Mirror descent

From HandWiki

In mathematics, mirror descent is an iterative optimization algorithm for finding a local minimum of a differentiable function. It generalizes algorithms such as gradient descent and multiplicative weights.

History

Mirror descent was originally proposed by Nemirovski and Yudin in 1983.[1]

Motivation

In gradient descent with the sequence of learning rates [math]\displaystyle{ (\eta_n)_{n \geq 0} }[/math] applied to a differentiable function [math]\displaystyle{ F }[/math], one starts with a guess [math]\displaystyle{ \mathbf{x}_0 }[/math] for a local minimum of [math]\displaystyle{ F, }[/math] and considers the sequence [math]\displaystyle{ \mathbf{x}_0, \mathbf{x}_1, \mathbf{x}_2, \ldots }[/math] such that

[math]\displaystyle{ \mathbf{x}_{n+1}=\mathbf{x}_n-\eta_n \nabla F(\mathbf{x}_n),\ n \ge 0. }[/math]

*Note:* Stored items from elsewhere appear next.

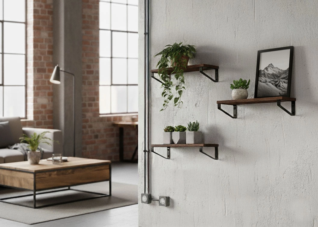 Kombinácia tmavého dreva a čiernych oceľových držiakov vytvára výrazný LOFT vzhľad, ktorý ladí s moderným aj klasickým zariadením.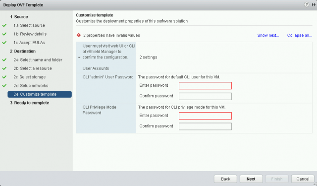 The Customize Template window is unique to this particular template. Depending on the virtual appliance being deployed, additional options may be requested. With this particular version of vShield Manager, a prompt will appear to configure the default CLI “admin” User Password and the defaultCLI Privilege Mode Password. If the passwords do not match, you will be prompted that the values are invalid.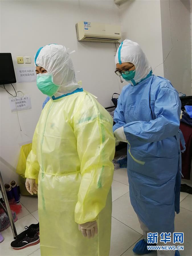 2月4日,路佳(右)帮助医生穿防护服。新华社发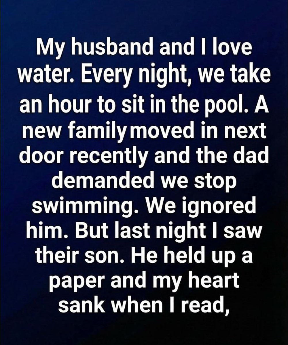 Then one night, as we were standing by the pool, towels wrapped around our shoulders, I sensed movement near the fence. I turned and saw their son—maybe twelve years old—standing very still on the other side. He didn’t climb. He didn’t call out. He simply pressed a folded piece of paper against the wooden slats and waited.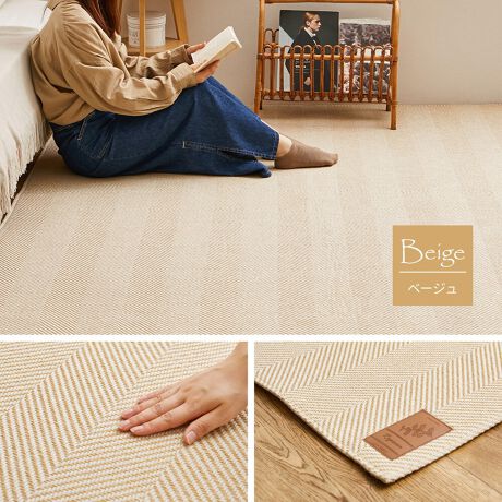 4色から選べるジャガード生地のナチュラルラグ。オールシーズン対応で、すべり止めも付いていて、洗濯機で洗える。機能面もバッチリ。糸の組み合わせ方にこだわりました。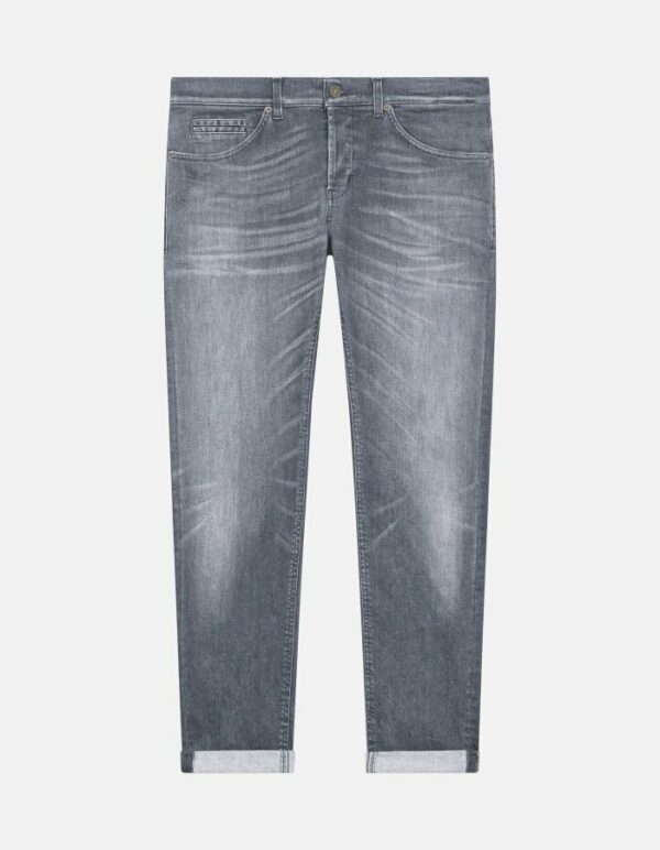 Jeans George cinque tasche skinny fit, vita bassa, taschino a filetto. Denim power stretch grigio 11 oz. Lavaggio grigio scuro pulito. Logo Dondup. Made in Italy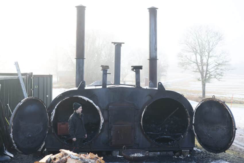 Jesper tillverkar grillkolet av björk från familjens egen skog utanför Forshaga. I den 11 ton tunga ugnen av stål eldas veden i flera dygn för att slutprodukten ska bli den perfekta kolen.
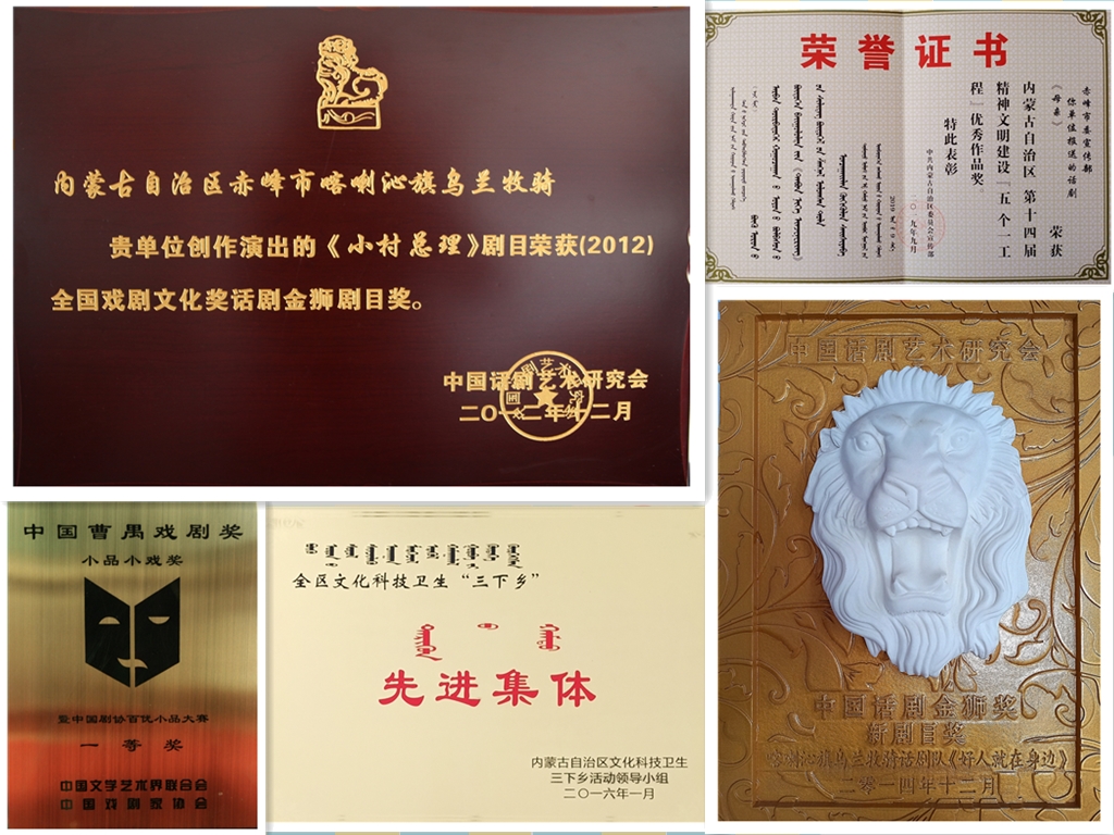 小品《扶贫》获“中国曹禺戏剧奖”小品小戏评选剧目一等奖,原创话剧《我的爸爸戴成钧》《小村总理》《好人就在身边》《母亲》《信念》《不能倒下》的相继创作完成并在全市、全区巡演,先后获得全国戏剧文化奖话剧金狮奖剧目奖、编剧奖、表演奖、草原文化节优秀剧目奖、编剧奖、内蒙古精神文明建设“五个一工程”优秀作品奖、萨日纳奖等一系列奖项,实现了国家、自治区和市级奖励的全覆盖。

This can be reformulated by noting that

[math]\displaystyle{ \mathbf{x}_{n+1}=\arg \min_{\mathbf{x}} \left(F(\mathbf{x}_n) + \nabla F(\mathbf{x}_n)^T (\mathbf{x} - \mathbf{x}_n) + \frac{1}{2 \eta_n}\|\mathbf{x} - \mathbf{x}_n\|^2\right) }[/math]

In other words, [math]\displaystyle{ \mathbf{x}_{n+1} }[/math] minimizes the first-order approximation to [math]\displaystyle{ F }[/math] at [math]\displaystyle{ \mathbf{x}_n }[/math] with added proximity term [math]\displaystyle{ \|\mathbf{x} - \mathbf{x}_n\|^2 }[/math].

This squared Euclidean distance term is a particular example of a Bregman distance. Using other Bregman distances will yield other algorithms such as Hedge which may be more suited to optimization over particular geometries.[2][3]

Formulation

We are given convex function [math]\displaystyle{ f }[/math] to optimize over a convex set [math]\displaystyle{ K \subset \mathbb{R}^n }[/math], and given some norm [math]\displaystyle{ \|\cdot\| }[/math] on [math]\displaystyle{ \mathbb{R}^n }[/math].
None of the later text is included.